Exercise description: Each record below must be reproduced exactly as it reads, with its images omitted.

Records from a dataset
========

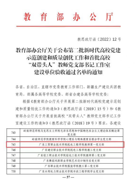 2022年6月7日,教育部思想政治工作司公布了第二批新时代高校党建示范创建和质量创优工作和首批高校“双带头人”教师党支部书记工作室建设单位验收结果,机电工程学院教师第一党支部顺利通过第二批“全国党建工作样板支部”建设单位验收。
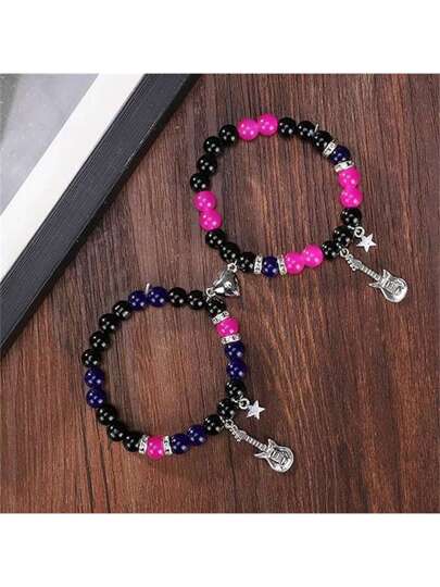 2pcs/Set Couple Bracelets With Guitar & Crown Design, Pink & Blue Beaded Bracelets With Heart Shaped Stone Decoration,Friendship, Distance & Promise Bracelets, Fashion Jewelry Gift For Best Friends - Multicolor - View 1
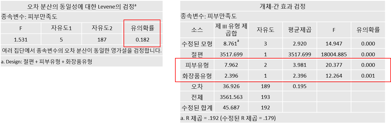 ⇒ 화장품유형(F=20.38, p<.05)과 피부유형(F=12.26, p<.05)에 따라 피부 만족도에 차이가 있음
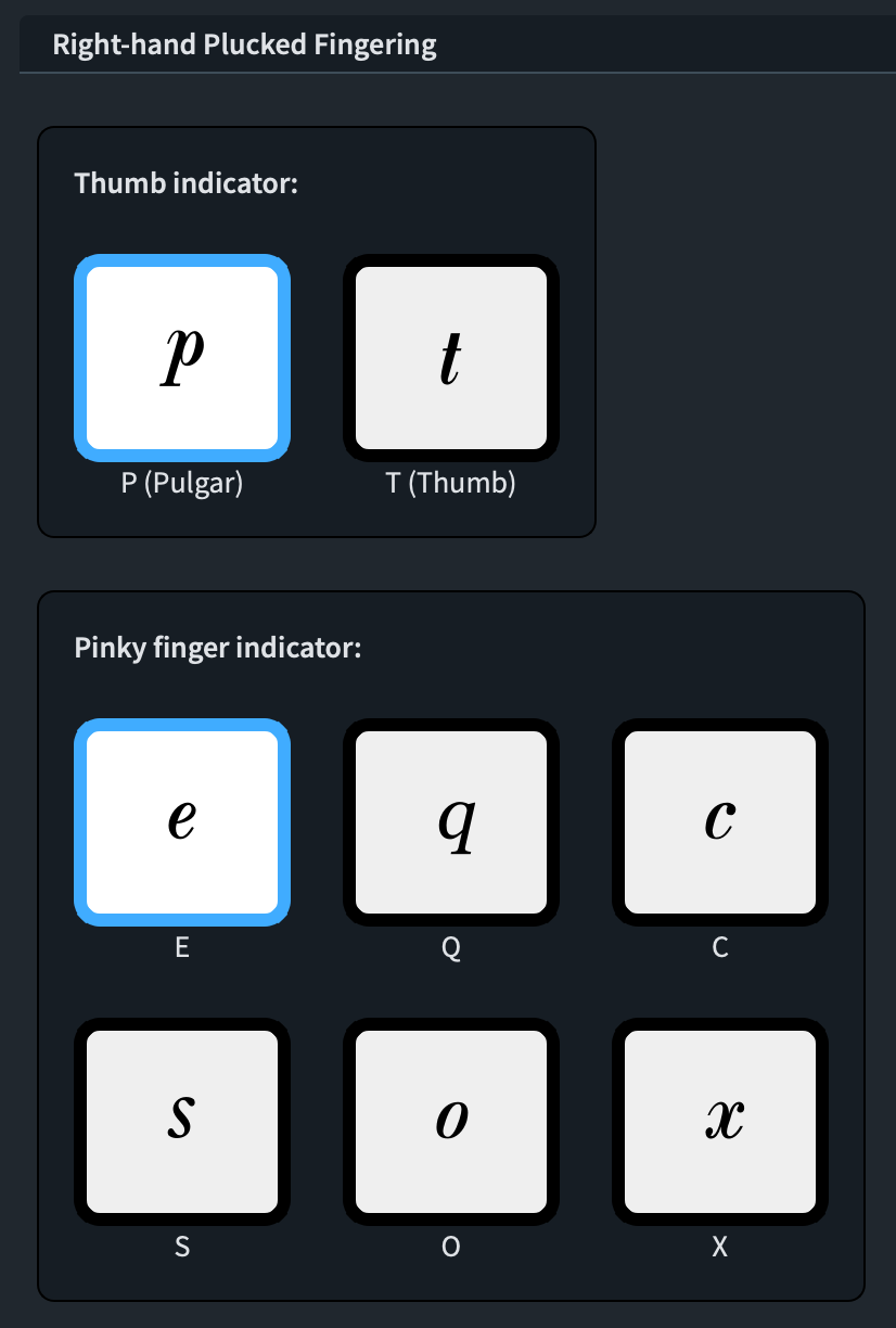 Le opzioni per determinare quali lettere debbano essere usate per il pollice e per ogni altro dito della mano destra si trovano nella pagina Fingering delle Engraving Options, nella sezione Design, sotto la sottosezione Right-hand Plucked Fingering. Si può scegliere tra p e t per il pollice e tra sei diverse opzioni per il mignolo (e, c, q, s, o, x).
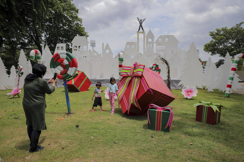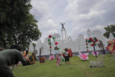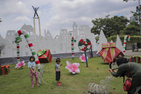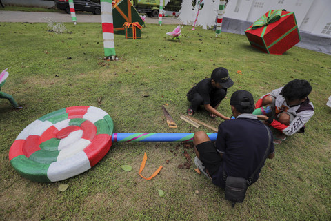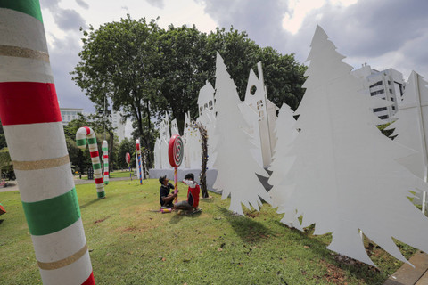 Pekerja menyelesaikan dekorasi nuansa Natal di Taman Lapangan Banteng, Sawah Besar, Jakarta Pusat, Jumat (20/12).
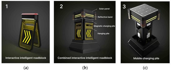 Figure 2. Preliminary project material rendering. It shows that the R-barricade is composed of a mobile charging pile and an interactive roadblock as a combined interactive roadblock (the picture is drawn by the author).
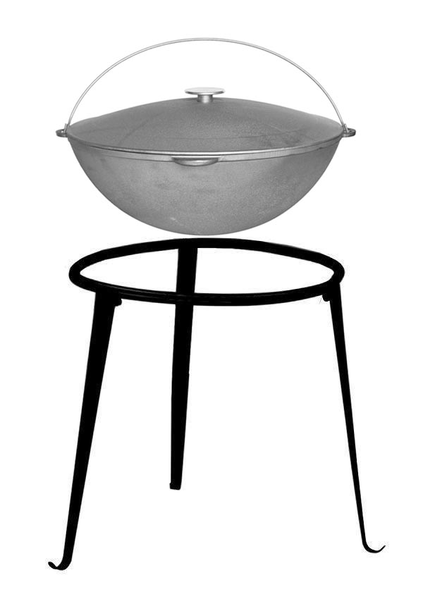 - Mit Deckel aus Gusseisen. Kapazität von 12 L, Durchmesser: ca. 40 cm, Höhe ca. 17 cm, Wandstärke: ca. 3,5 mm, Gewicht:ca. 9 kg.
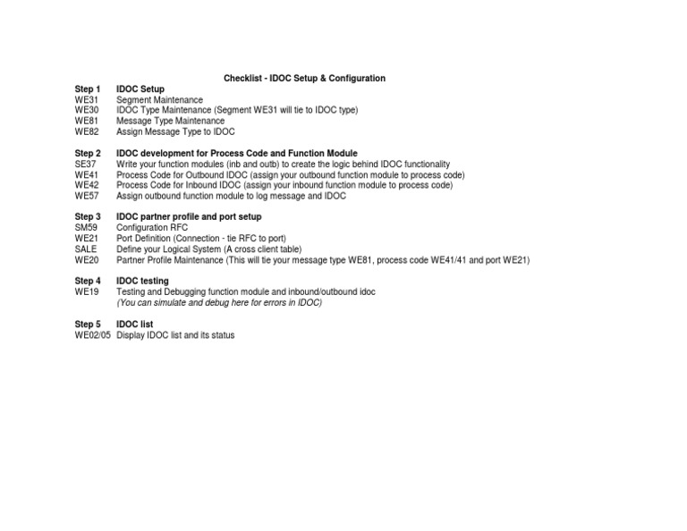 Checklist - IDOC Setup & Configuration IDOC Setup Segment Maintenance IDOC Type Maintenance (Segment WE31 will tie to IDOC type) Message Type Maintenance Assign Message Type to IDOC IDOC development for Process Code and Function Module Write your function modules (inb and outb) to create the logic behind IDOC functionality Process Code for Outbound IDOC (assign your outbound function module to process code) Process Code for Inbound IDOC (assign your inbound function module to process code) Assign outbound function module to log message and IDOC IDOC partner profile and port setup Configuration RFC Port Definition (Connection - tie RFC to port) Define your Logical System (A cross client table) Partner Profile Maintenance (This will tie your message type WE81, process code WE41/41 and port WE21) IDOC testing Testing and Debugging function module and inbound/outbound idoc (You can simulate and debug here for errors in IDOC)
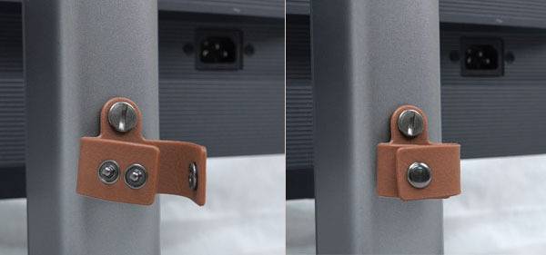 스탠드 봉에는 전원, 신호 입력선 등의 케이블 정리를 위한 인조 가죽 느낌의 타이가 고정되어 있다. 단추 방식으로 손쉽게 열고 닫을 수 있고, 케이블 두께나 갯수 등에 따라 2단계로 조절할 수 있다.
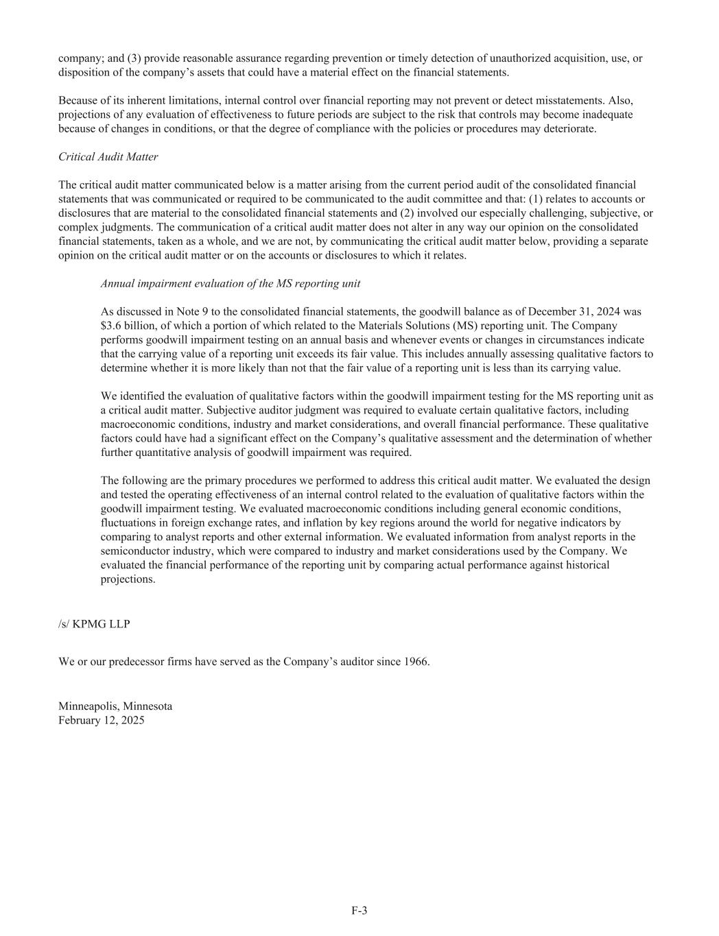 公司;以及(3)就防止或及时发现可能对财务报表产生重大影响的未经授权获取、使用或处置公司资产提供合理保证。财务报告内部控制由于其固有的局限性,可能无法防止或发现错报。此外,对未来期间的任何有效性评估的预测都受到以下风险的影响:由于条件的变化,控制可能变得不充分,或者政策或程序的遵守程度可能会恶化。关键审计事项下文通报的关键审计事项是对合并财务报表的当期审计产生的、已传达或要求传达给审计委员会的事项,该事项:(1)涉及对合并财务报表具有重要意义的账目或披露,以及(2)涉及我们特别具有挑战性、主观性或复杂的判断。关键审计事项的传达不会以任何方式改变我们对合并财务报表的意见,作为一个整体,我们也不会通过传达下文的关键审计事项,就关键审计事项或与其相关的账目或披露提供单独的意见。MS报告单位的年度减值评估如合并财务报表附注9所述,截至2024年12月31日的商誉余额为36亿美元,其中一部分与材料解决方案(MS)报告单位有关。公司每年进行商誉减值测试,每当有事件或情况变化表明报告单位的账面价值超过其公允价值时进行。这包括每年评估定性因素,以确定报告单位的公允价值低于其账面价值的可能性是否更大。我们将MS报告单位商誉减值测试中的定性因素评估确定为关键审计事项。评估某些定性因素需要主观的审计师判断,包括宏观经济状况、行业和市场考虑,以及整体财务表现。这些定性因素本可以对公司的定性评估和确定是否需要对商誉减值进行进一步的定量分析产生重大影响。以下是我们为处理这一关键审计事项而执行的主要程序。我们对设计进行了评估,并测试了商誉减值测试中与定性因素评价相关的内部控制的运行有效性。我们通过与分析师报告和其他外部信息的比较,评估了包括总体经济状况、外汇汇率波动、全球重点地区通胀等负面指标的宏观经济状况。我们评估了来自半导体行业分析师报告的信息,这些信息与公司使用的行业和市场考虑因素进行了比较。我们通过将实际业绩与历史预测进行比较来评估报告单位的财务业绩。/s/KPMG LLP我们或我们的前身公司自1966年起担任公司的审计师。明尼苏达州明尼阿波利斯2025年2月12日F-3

========

Result for this task:
 2022年6月7日,教育部思想政治工作司公布了第二批新时代高校党建示范创建和质量创优工作和首批高校“双带头人”教师党支部书记工作室建设单位验收结果,机电工程学院教师第一党支部顺利通过第二批“全国党建工作样板支部”建设单位验收。
 2pcs/Set Couple Bracelets With Guitar & Crown Design, Pink & Blue Beaded Bracelets With Heart Shaped Stone Decoration,Friendship, Distance & Promise Bracelets, Fashion Jewelry Gift For Best Friends - Multicolor - View 1
 ⇒ 화장품유형(F=20.38, p<.05)과 피부유형(F=12.26, p<.05)에 따라 피부 만족도에 차이가 있음
 Le opzioni per determinare quali lettere debbano essere usate per il pollice e per ogni altro dito della mano destra si trovano nella pagina Fingering delle Engraving Options, nella sezione Design, sotto la sottosezione Right-hand Plucked Fingering. Si può scegliere tra p e t per il pollice e tra sei diverse opzioni per il mignolo (e, c, q, s, o, x).
 Pekerja menyelesaikan dekorasi nuansa Natal di Taman Lapangan Banteng, Sawah Besar, Jakarta Pusat, Jumat (20/12).
 Figure 2. Preliminary project material rendering. It shows that the R-barricade is composed of a mobile charging pile and an interactive roadblock as a combined interactive roadblock (the picture is drawn by the author).
 - Mit Deckel aus Gusseisen. Kapazität von 12 L, Durchmesser: ca. 40 cm, Höhe ca. 17 cm, Wandstärke: ca. 3,5 mm, Gewicht:ca. 9 kg.
 Checklist - IDOC Setup & Configuration IDOC Setup Segment Maintenance IDOC Type Maintenance (Segment WE31 will tie to IDOC type) Message Type Maintenance Assign Message Type to IDOC IDOC development for Process Code and Function Module Write your function modules (inb and outb) to create the logic behind IDOC functionality Process Code for Outbound IDOC (assign your outbound function module to process code) Process Code for Inbound IDOC (assign your inbound function module to process code) Assign outbound function module to log message and IDOC IDOC partner profile and port setup Configuration RFC Port Definition (Connection - tie RFC to port) Define your Logical System (A cross client table) Partner Profile Maintenance (This will tie your message type WE81, process code WE41/41 and port WE21) IDOC testing Testing and Debugging function module and inbound/outbound idoc (You can simulate and debug here for errors in IDOC)
 스탠드 봉에는 전원, 신호 입력선 등의 케이블 정리를 위한 인조 가죽 느낌의 타이가 고정되어 있다. 단추 방식으로 손쉽게 열고 닫을 수 있고, 케이블 두께나 갯수 등에 따라 2단계로 조절할 수 있다.
 公司;以及(3)就防止或及时发现可能对财务报表产生重大影响的未经授权获取、使用或处置公司资产提供合理保证。财务报告内部控制由于其固有的局限性,可能无法防止或发现错报。此外,对未来期间的任何有效性评估的预测都受到以下风险的影响:由于条件的变化,控制可能变得不充分,或者政策或程序的遵守程度可能会恶化。关键审计事项下文通报的关键审计事项是对合并财务报表的当期审计产生的、已传达或要求传达给审计委员会的事项,该事项:(1)涉及对合并财务报表具有重要意义的账目或披露,以及(2)涉及我们特别具有挑战性、主观性或复杂的判断。关键审计事项的传达不会以任何方式改变我们对合并财务报表的意见,作为一个整体,我们也不会通过传达下文的关键审计事项,就关键审计事项或与其相关的账目或披露提供单独的意见。MS报告单位的年度减值评估如合并财务报表附注9所述,截至2024年12月31日的商誉余额为36亿美元,其中一部分与材料解决方案(MS)报告单位有关。公司每年进行商誉减值测试,每当有事件或情况变化表明报告单位的账面价值超过其公允价值时进行。这包括每年评估定性因素,以确定报告单位的公允价值低于其账面价值的可能性是否更大。我们将MS报告单位商誉减值测试中的定性因素评估确定为关键审计事项。评估某些定性因素需要主观的审计师判断,包括宏观经济状况、行业和市场考虑,以及整体财务表现。这些定性因素本可以对公司的定性评估和确定是否需要对商誉减值进行进一步的定量分析产生重大影响。以下是我们为处理这一关键审计事项而执行的主要程序。我们对设计进行了评估,并测试了商誉减值测试中与定性因素评价相关的内部控制的运行有效性。我们通过与分析师报告和其他外部信息的比较,评估了包括总体经济状况、外汇汇率波动、全球重点地区通胀等负面指标的宏观经济状况。我们评估了来自半导体行业分析师报告的信息,这些信息与公司使用的行业和市场考虑因素进行了比较。我们通过将实际业绩与历史预测进行比较来评估报告单位的财务业绩。/s/KPMG LLP我们或我们的前身公司自1966年起担任公司的审计师。明尼苏达州明尼阿波利斯2025年2月12日F-3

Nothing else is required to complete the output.